Kadın Cinayetlerini Durduracağız Platformu'nun Ekim ayı raporuna göre 21 kadın erkekler tarafından katledildi, 8 kadın ise şüpheli bir şekilde yaşamını yitirdi. Kadınlar en çok evlerinde öldürüldü.

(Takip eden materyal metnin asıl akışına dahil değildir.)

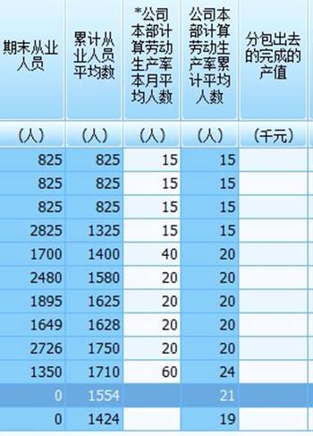 B)報(bào)表中“累計(jì)計(jì)算建筑業(yè)勞動(dòng)生產(chǎn)率平均人數(shù)”中不包括工程庫(kù)中勞務(wù)分包工程的平均人數(shù)。要求按報(bào)告期工程庫(kù)中“累計(jì)勞動(dòng)生產(chǎn)率平均人數(shù)”指標(biāo)下方的“求和數(shù)”+報(bào)告期附庫(kù)一中“公司本部計(jì)算勞動(dòng)生產(chǎn)率累計(jì)平均人數(shù)”=報(bào)告期附庫(kù)一中“從業(yè)人員期末人數(shù)”之和/報(bào)告期“日歷月數(shù)”。
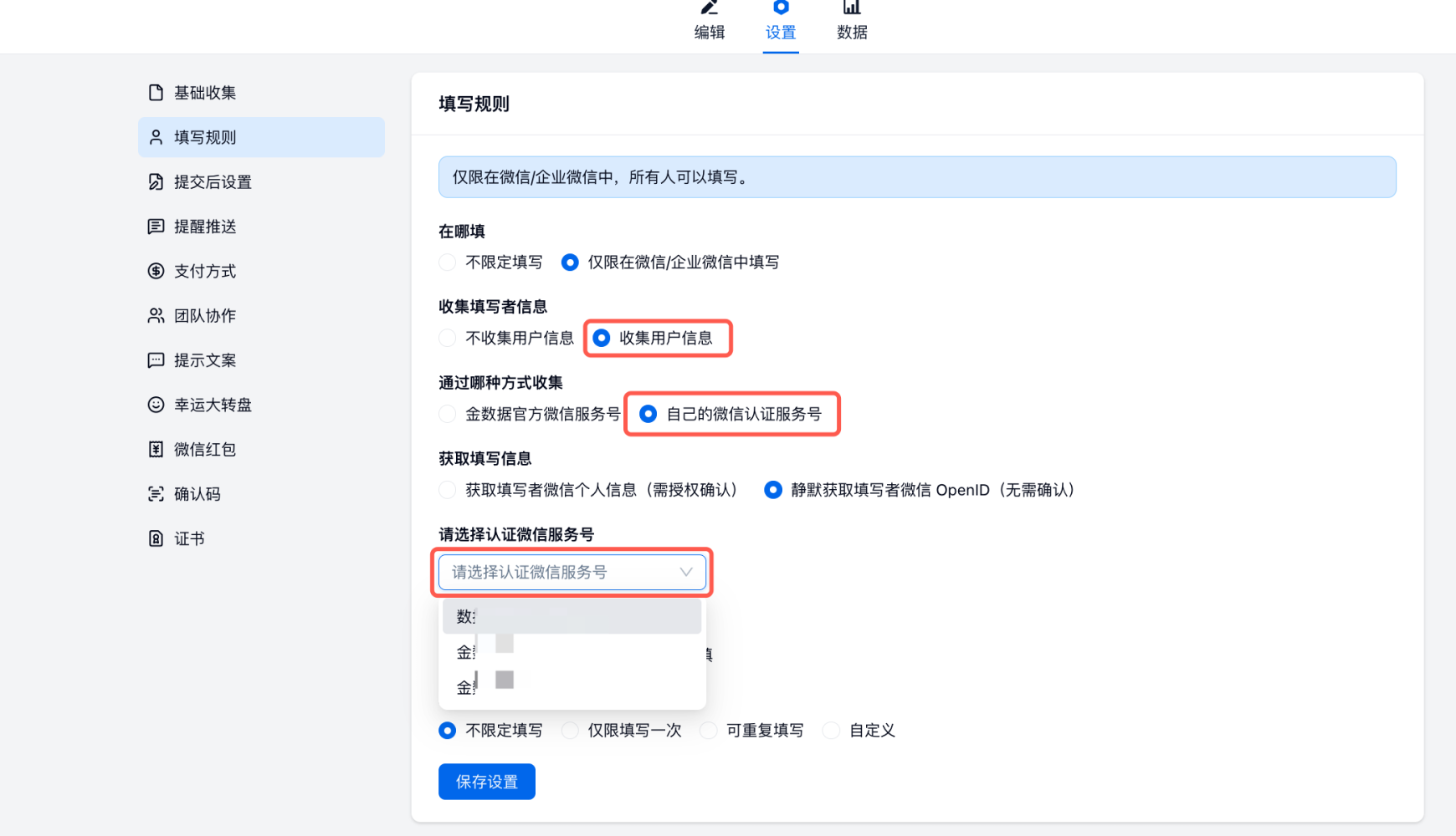 原因:这是因为表单用来收集填写者微信个人信息的微信服务号,跟该表单选择的收款微信服务号不一致

Kadın Cinayetlerini Durduracağız Platformu Ekim ayı raporunu yayınladı. Buna göre 21 kadın erkekler tarafından katledildi, 8 kadın ise şüpheli bir şekilde yaşamını yitirdi. Öldürülen 21 kadından 12’sinin neden öldürüldüğü tespit edilemedi, 9’u de boşanmak istemek, barışmayı reddetmek, evlenmeyi reddetmek, ilişkiyi reddetmek gibi kendi hayatına dair karar almak isterken öldürüldü.

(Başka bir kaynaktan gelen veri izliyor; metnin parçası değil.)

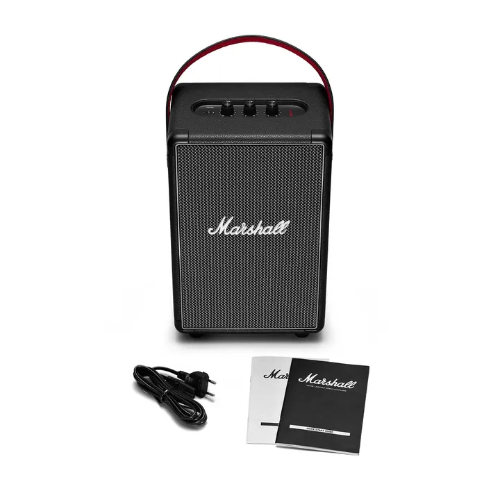 Tufton er en kraftig, bærbar Bluetooth-høyttaler med batteri til over 20 timers spilletid, så du kan feste med vennene hele natten. Høyttaleren er laget i samme stil som Marshalls legendariske gitarforsterkere med rått metalgitter, ikonisk Marshall-logo og kontrollknapper på toppen. Remmen er foret med lekkert rødt velur på innersiden, som du også ser det på mange gitarkasser.
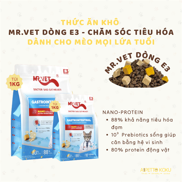 Hạt Mr. Vet E3 chăm sóc hệ tiêu hoá dành cho mèo mọi lứa tuổi 1kg

KADINLAR, BİRLİKTE OLDUKLARI ERKEKLER TARAFINDAN ÖLDÜRÜLÜYOR

Ekim ayında öldürülen 21 kadının 6’sı birlikte olduğu erkek, 5’i evli olduğu erkek, 5’i  tanıdık birisi, 1’i eskiden evli olduğu erkek, 1’i eskiden birlikte olduğu erkek ve 1’i de kardeşi tarafından öldürülmüştür. 2 kadının ölümüne sebep olan kişilerin yakınlık durumu tespit edilememiştir.

EN ÇOK EVLERİNDE ÖLDÜRÜLÜYOR

Kadınların 12’si evinde, 2’si arabada, 2’si işyerinde, 2’si sokak ortasında, 1’i de ıssız bir yerde, 1’i kuaförde öldürülmüştür. 1’inin öldürüldüğü yer tespit edilememiştir. Bu ay öldürülen kadınların yüzde 57’si evlerinde öldürüldü.

İYİ HAL VE HAKSIZ TAHRİK İNDİRİMLERİ UYGULANIYOR

Ekim ayında da birçok kadına yönelik şiddet ve kadın cinayeti davasında kadın düşmanı ve eşitlikçi olmayan kararların alındığını kaydeden platform, "Kaçma şüphesi bulunmadığı' gerekçe gösterilerek İpek Er’in ölümünde şüpheli olarak yargılanan Musa Orhan’ın “nitelikli cinsel istismar” suçundan tutuksuz yargılanmasına devam edilmesine rağmen kadın yönelik şiddeti durdurmaya çalışırken ölüme sebebiyet veren Kadir Şeker’e 12 yıl 6 ay hapis cezası verilmesi ülkemizde mevcut adalet sisteminin en somut yansıması oldu. Bunlar, toplumsal cinsiyet eşitsizliği gerçeğinin yok sayılarak, kadın düşmanı olduğu kadar faillerin sırtını sıvazlayan yansımalar da olduğunu biliyoruz. Adalete olan güvenin çokça sorgulandığı Ekim ayında birçok kadına yönelik şiddet ve kadın cinayeti davasında iyi hal ve haksız tahrik indirimi uygulandığını gördük. Kadına yönelik şiddet ve kadın cinayeti davalarında kullanılan bu indirimler ve toplumsal cinsiyet eşitsizliği yokmuşçasına verilen cezalar failleri korumakta, bundan sonra gerçekleşebilecek şiddet ve cinayetlerin de önünü açmaktadır. İstanbul Sözleşmesi’nin yargılama ve kovuşturma konusunda getirdiği tedbirlerin uygulanması en önemli adımlardan birisidir" ifadelerine yer verdi.